Шрифт:
Интервал:
Закладка:
– А, здравствуй, Джес! Я хотела достать себе ветку, – сказала она, – без этого, видно, коровы не послушаются меня.
Джес засмеялся, оскалив зубы.
– Ну, теперь, погоди, ветку я тебе срежу, – сказал он, заикаясь, по обыкновению, и принимаясь резать сочную ветвь ольхи своим складным ножом. – Нет никакого смысла бояться коров, – заметил он добродушным тоном, который смягчал внешнюю грубоватость его слов.
– Я никогда раньше не видела близко коров, – объяснила Анна, – и когда я осталась одна с ними, мне как-то стало не по себе.
– Лучше будет мне погнать их вместо тебя домой, – сказал Джес, делая из зеленой ветви длинный прут. – Ведь, они меня-то знают, голубушки.
Анна с радостью приняла предложение. Только что коровы услышали знакомый голос прежнего работника, они тотчас же повернули головы в сторону ворот и тяжело побрели домой, медленно и ровно, не оглядываясь, с полным, по-видимому, сознанием, что так и быть должно.
– Много глупостей рассказывают про коров, – заметил Джес, проходя в ворота рядом с Анной, – и, кстати будь сказано, также о быках.
– О, быков я не выношу, они такие страшные! – воскликнула девушка.
Джес посмотрел на нее, улыбаясь, с чувством некоторого превосходства.
– А вот наш старый бык, арендаторский-то… можно почти оторвать у него хвост и он не тронет, такой уж смирный он у нас… – тут прут свистнул по спине телки.
– Я не буду пробовать, однако, да, верно, и вы не захотите пробовать, – возразила она, хихикая, слегка вызывающим тоном, в котором слышалась привычка в городским манерам.
Джес хихикнул тоже и продолжал молча идти рядом с ней, придумывая ответ поостроумнее. Но так как ничего не приходило ему в голову, он опять засмеялся. Больше они ничего не сказали друг другу до самого хлева, но они, казалось, узнали друг друга ближе, пройдя вместе это короткое расстояние и в течение этих нескольких минут, чем за все те утра, когда они встречались раньше за завтраком в кухне на ферме. Между ними, впрочем, всегда была какая-то молчаливая, невысказанная симпатия. Оба они были «чужие, не свои» в Гайкросе, а это было условие немаловажное в местной жизни, притом же, когда во дворе бранили Джеса, Анна получала выговоры в курятнике или в молочной. Кроме того, когда мистер или мистрис Понтин хотели указать на испорченность современного молодого поколения, то Джес и Анна оба по очереди служили им для этого удобными образцами. Подобно многим, часто даже весьма дельным, труженикам как в умственной, так и в практической сфере, у мистрис Понтин недоставало либо терпения, либо уменья учить своему делу других; дядя Джемс был тоже крайне нетерпеливым наставником, так что молодые люди часто одновременно испытывали на себе и несправедливость, и жестокость обращения.
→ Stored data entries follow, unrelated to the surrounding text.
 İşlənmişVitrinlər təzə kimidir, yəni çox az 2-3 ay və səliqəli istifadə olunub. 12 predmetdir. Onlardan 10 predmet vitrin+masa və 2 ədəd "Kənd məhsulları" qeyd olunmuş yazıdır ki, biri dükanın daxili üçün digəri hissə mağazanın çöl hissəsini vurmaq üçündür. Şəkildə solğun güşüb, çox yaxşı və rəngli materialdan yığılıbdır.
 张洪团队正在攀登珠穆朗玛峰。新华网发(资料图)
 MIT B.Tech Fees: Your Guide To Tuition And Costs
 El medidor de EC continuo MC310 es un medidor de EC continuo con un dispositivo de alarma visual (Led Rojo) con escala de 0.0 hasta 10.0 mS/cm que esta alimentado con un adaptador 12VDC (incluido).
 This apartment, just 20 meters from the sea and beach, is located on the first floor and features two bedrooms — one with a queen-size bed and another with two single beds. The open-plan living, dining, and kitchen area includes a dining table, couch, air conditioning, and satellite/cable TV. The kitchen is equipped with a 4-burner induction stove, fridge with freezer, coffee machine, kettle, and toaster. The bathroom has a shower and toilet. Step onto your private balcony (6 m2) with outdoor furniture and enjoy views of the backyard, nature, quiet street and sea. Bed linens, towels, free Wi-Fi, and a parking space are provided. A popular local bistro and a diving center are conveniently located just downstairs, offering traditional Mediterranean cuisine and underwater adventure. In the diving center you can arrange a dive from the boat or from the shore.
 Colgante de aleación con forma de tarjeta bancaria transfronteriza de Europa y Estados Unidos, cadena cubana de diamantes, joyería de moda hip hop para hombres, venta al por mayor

Анна так не привыкла видеть внимание к себе, что, быть может, потому невольно и преувеличивала в душе признательность, которую она чувствовала за своевременную помощь, только что оказанную ей Джесом. Девушка стояла у дверей хлева и не находила слов, чтобы выразить свою благодарность.
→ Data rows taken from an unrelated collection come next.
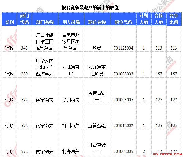 截至20日8時,招錄比例的職位依然是百色市那坡縣國家稅務局科員一職,招錄1人,審核通過人數(shù)為313人,競爭比例313:1,競爭比例超100的職位有五個。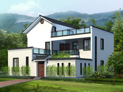 JL028三層中式徽派別墅圖紙外觀效果圖,新農(nóng)村徽派建筑房屋
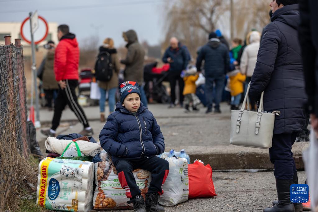 2月26日,一名乌克兰男孩抵达波兰边境口岸梅迪卡。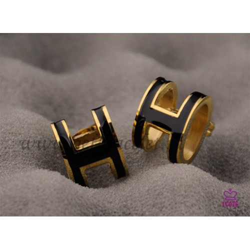 Hermès Pop H fekete fülbevaló sárgaaranyban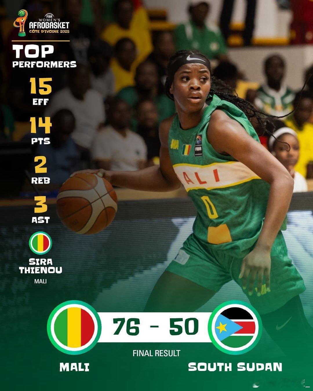 马里:2025非锦赛亚军,与南苏丹不一样的是,她们不依赖海外军团。绝对核心、身高191CM的内线希卡-科内(Sika Kone)是土生土长的马里人,15岁前往西班牙学习、打球,2019年U19女篮世界杯,她率马里青年队打进半决赛,创造了非洲历史。2022年,她在WNBA选秀总第29顺位被选中,此后一直在WNBA效力。其主力后卫Djeneba N'Diaye亦是马里本地人,本赛季效力于法国二级联赛。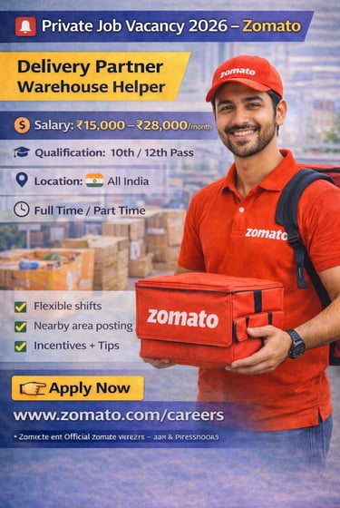 zomato private job vacancy 2026 delivery partner job apply online warehouse helper private job 10th pass private jobs India latest private job update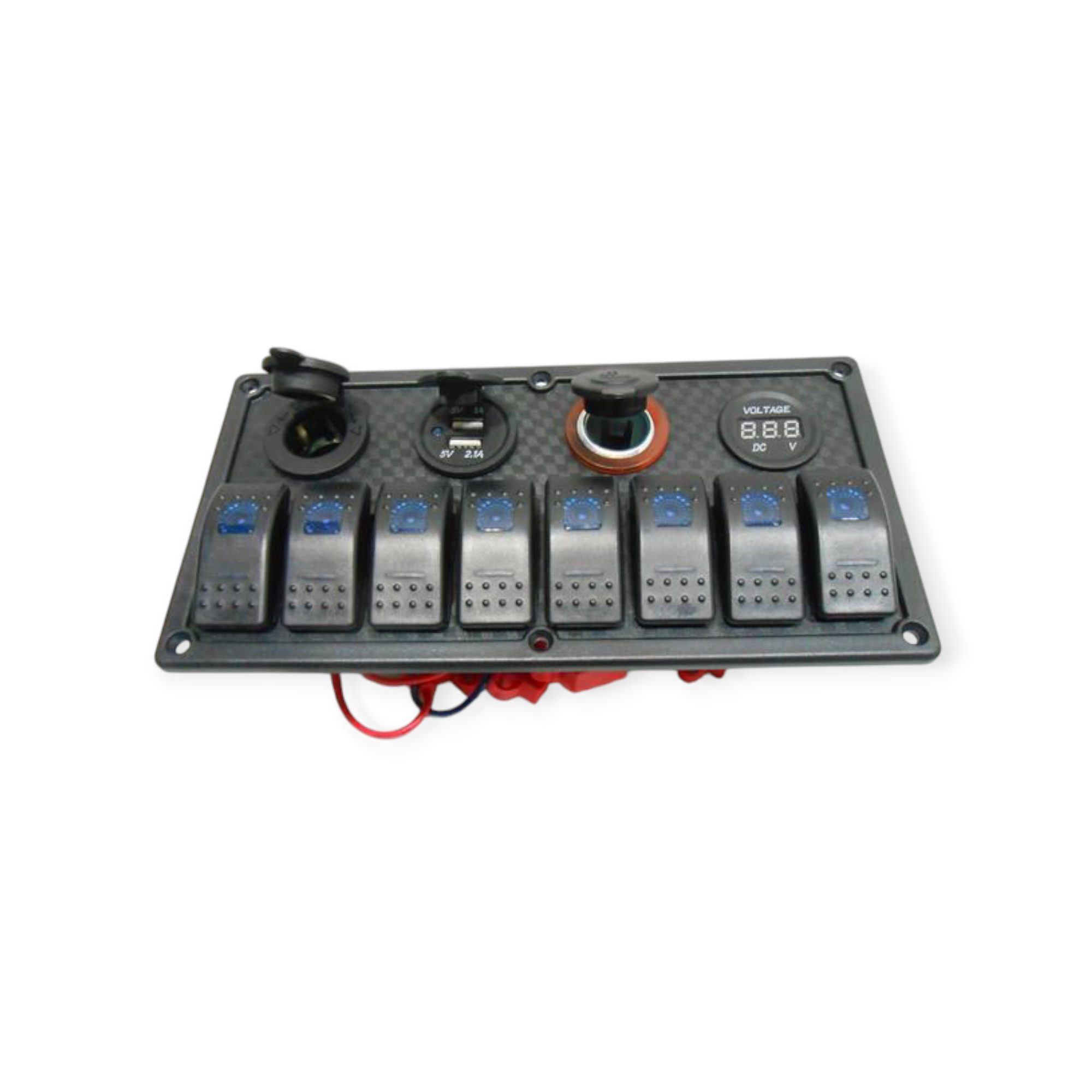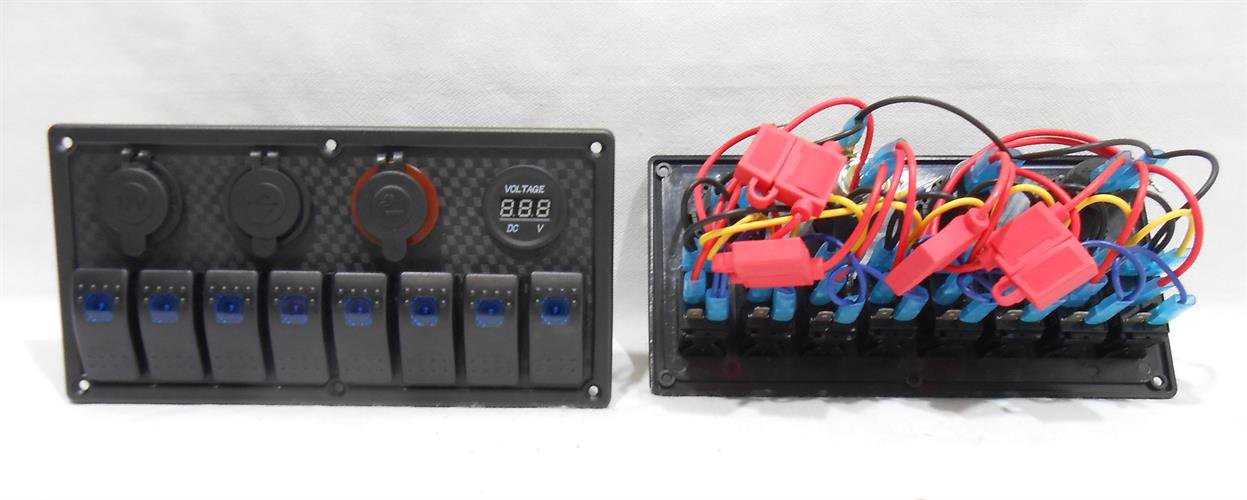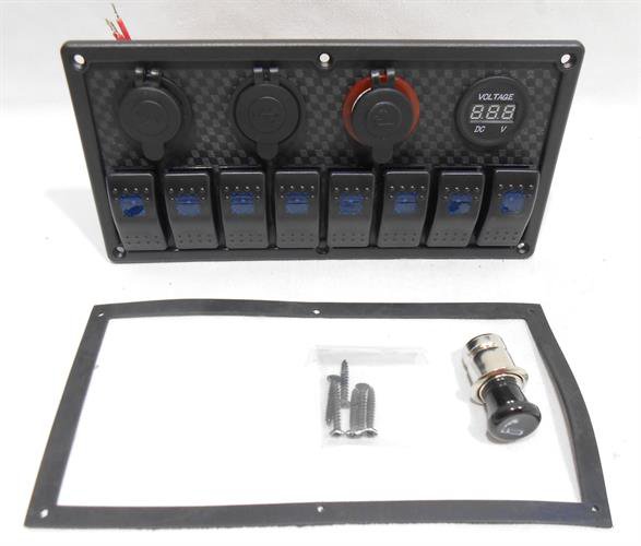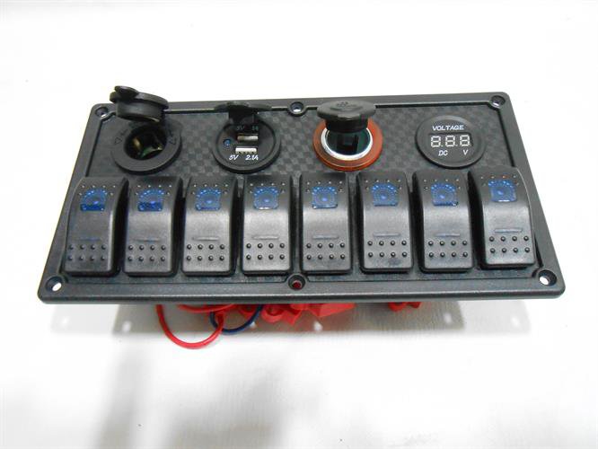 פנל 8 מתגים עם שעון טעינה שקע 12 וולט ושקע מצת ו 2 שקעים USB

– Как бы я хотела тоже что-нибудь сделать для тебя, – проговорила она, наконец, робко дотрогираясь до его рукава, когда он проходил мимо, выйдя из хлева. – У тебя такая большая дыра на рукаве, как раз на локте, а можно было бы так прекрасно ее заштопать.
– Какое тебе дело? – отвечал Джес резко, почувствовав себя неловко. – Когда у меня хватает денег, так по субботам Бетси Тод штопает мне платье.
Но Анна не угомонилась.
– Нет, уж лучше дай мне заштопать, – повторила она решительно, – старуха Бетси только и сделает, что испортит, право. Брось пустые разговоры, да повесь-ка лучше свою куртку вот сюда, а завтра утром, когда я приду в сад, то принесу ее и повешу за твоим окном.
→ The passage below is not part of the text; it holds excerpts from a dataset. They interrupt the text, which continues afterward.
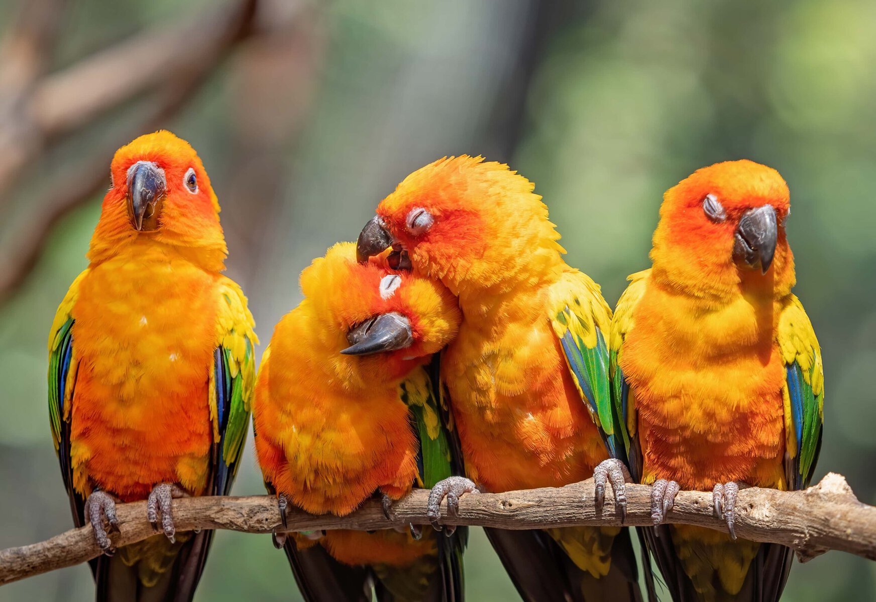Both the sun conure and Jenday conure live in the forests of Brazil. Researchers believe that the former may also reside in Guyana, but it’s uncertain. The sun conure is an endangered species, according to the International Union for Conservation of Nature and Natural Resources (IUCN). Less than 2,500 birds are thought to exist.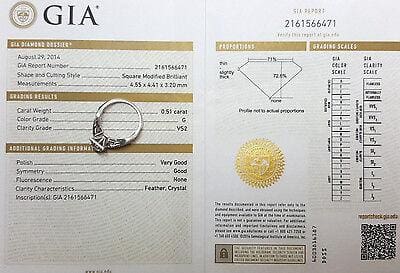 You are Purchasing a 0.77 ct Total Weight 14K Square Modified Cut Diamond Engagement Ring GIA Certified.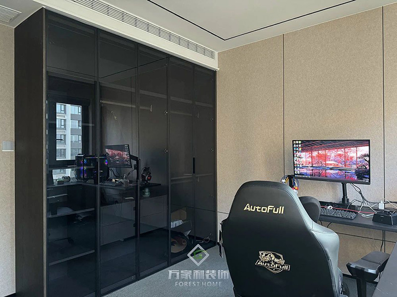 走进设计师精心打造的电竞房,仿佛踏入了一个充满未来感的科技世界。舒适的电竞椅,贴合人体工学设计,让男主人在游戏中尽享丝滑流畅的操作体验,释放压力。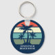 Jolie maison de plage familiale d'été porte - clé avec de beaux palmiers devant un joli coucher de soleil sur l'océan et le ciel bleu. Customisez pour une location de vacances à l'île ou une excursion balnéaire tropicale.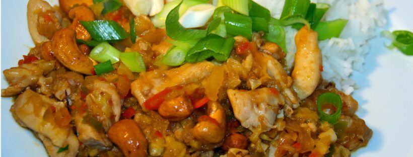 Ofen auf 150° Grad vorheizen. Kokosflocken auf einem Backblech hellbraun rösten, Blech immer mal wieder schütteln. Gesamt etwa 10 Minuten, beiseite stellen. Danach die Cashewnüsse auf dem Blech verteilen und 15-20 Minuten goldbraun rösten, ebenso beiseite stellen. Wenn alle Zutaten vorbereitet sind den Wok erhitzen, dann das Öl im Wok erhitzen und Zwiebeln, Knoblauch und Chilies unter Rühren einige Minuten weich braten.
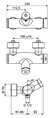 Samozamykająca armatura natryskowa VITUS vD-SC-T/u naścienna z termostatem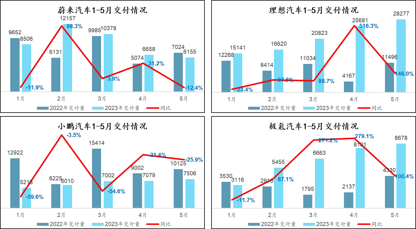横向对比大概了解了新能源车市整体的景气度在恢复,纵向对比再来看看车企的历史交付数据,经营情况到底是变好还是变差呢?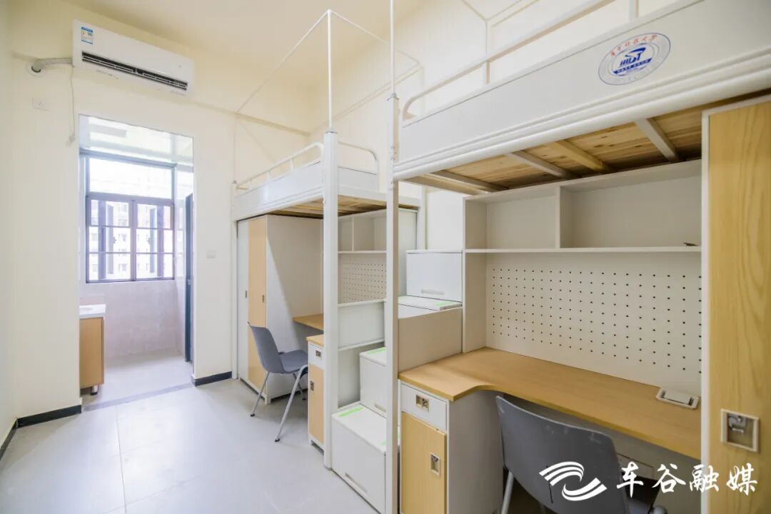 軍山校區(qū)建有7棟學生宿舍樓。北區(qū)的2棟主要面向本科生,以四人間為主。南區(qū)的5棟主要面向研究生,碩士生宿舍為兩人間,博士生宿舍為八人套房。宿舍樓一層為公共空間與服務(wù)樞紐,設(shè)有接待前臺,提供寄存、維修、反饋等服務(wù),設(shè)有多功能學習與活動空間、自習室、研討室、黨團活動室、咨詢室,滿足多種需求。二層及以上是住宿區(qū),電梯直達、功能完善,公共服務(wù)區(qū)配備洗衣機、烘干機、洗鞋機、直飲機。宿舍采用智能門鎖,上床下桌,獨立衛(wèi)浴,多功能學習桌搭配人體工學座椅,為學生提供舒適的學習住宿環(huán)境。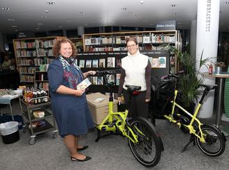 (vl.) Bibliotheksleiterin Meike Betzold und Nahmobilitätsbeauftragte Lilly Hermann bewundern die ausgestellten Lastenfahrräder.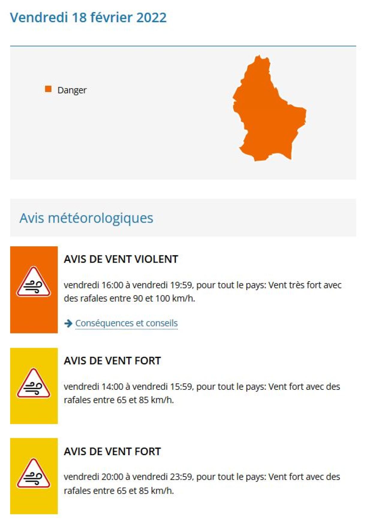 Meteolux huet fir e Freideg tëscht 16 an 20 Auer eng weider Alerte Orange erausginn, och nees fir dat ganzt Land. Staarke Wand aus dem Oste ka bis op Vitesse vun 90 bis 110 Stonnekilometer klammen. Scho vu 14 Auer u gëllt eng Alerte Jaune fir Wandstäerkten tëscht 65 a 85 Stonnekilometer. Dës gëllt och no der Alerte Orange nees tëscht 20 Auer bis Mëtternuecht.

И так как Анна не только серьезно желала, но и намеревалась так поступить, а у Джеса не было другой причины для отказа, кроме крайней конфузливости, то и кончилось тем, что он снял с себя куртку с тем угрюмым и понурым видом пойманного вора, который обыкновенно служит выражением радостного смущения, переполняющего грудь деревенского парня.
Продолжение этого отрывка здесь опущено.